Shibboleth SP getting progressively slower
Cantor, Scott
cantor.2 at osu.edu
Mon Nov 5 10:37:32 EST 2012
On 11/5/12 10:27 AM, "Martin Haase" <Martin.Haase at DAASI.de> wrote:
>Sorry, my fault. What I wanted to say: *if* I maintain the index, shibd
>seems to not remove all sessions, but only the one associated with the
>current request.
That depends on the logout request or process. If the request from an IdP
references a specific SessionIndex (don't confuse that with IdP *or* SP
session, it's neither), then the SP is obligated to remove only the one
session. If the SP is requesting the logout, then by design it's being
asked to remove "the session that's active" for that request.
> Previous sessions are not removed. And the reverse
>index for that NameId neither.
The index is updated, it's not removed. Eventually it expires.
>You can test this also without load, just log in twice and only call
>/Logout for the latter. Then shibd logs a session removal only for the
>latter session.
That's by design, that's what that request means.

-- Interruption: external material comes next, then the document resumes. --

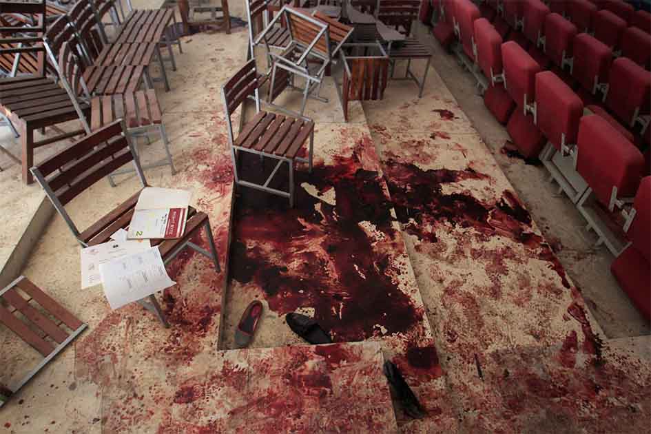 First, the attackers, armed with grenades and automatic rifles, barged into the main assembly hall where a large group of students, was taking a lesson in first aid. Next, they went to the classrooms and targeted teachers and students. There was no attempt to take hostages; they sought only to kill.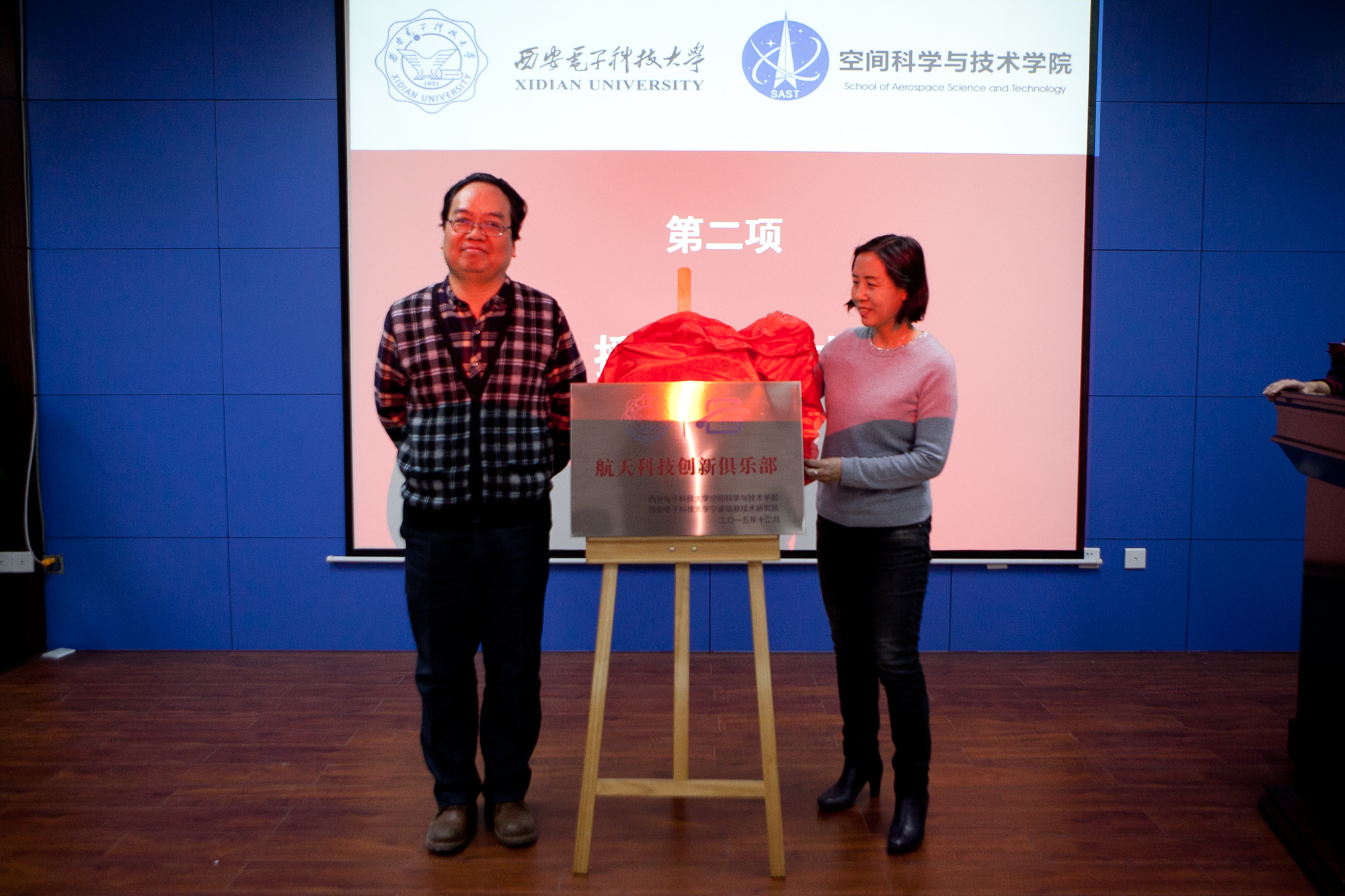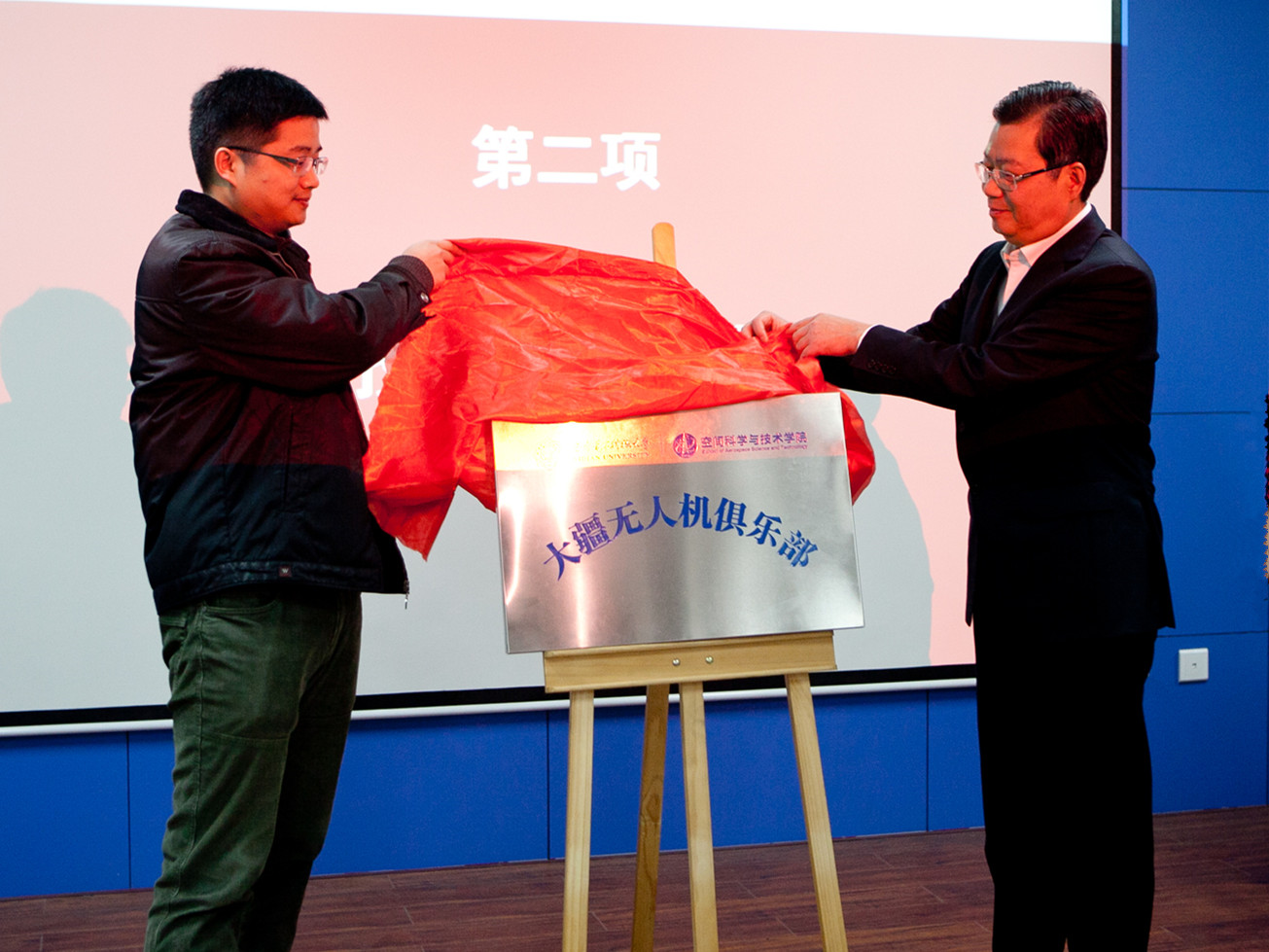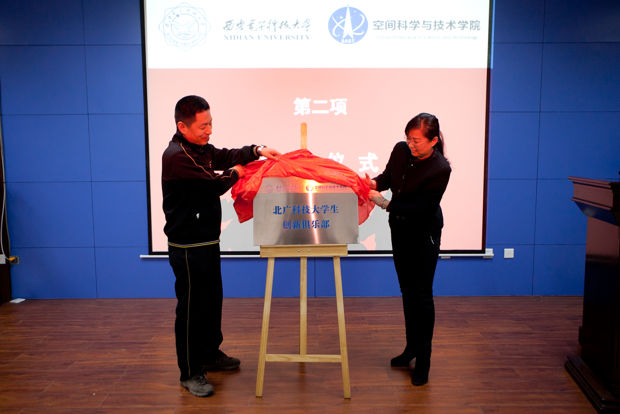 揭牌仪式上,龙建成、辛红、李小平、倪伟代表校方与大疆创新实验基地、北广科技有限公司、宁波信息技术研究院、西光所中科创星的负责人分别为大疆无人机创新俱乐部、北广科技老员工创新俱乐部,航天科技创新俱乐部、中科创星创新创业俱乐部揭牌

>It's the more-common monitoring, and the customer can perhaps live with
>the reverseIndex options you added. I'm just trying to understand what
>calling /Logout does and if it actually makes a difference to closing
>the browser.
Calling /Logout from a client is asking the SP to initiate a logout for
"the session associated with that request". There can never be multiple
sessions associated with a request. You're talking about older sessions
that the SP may know about, but your client has forgotten them and they
are now orphaned.
Orphaned sessions don't specifically get removed from the reverse index
but the overall record in the index for a given NameID gets purged once
the expiration for that record is reached. That's what breaks under load
testing, it just keeps pushing out the expiration for that record.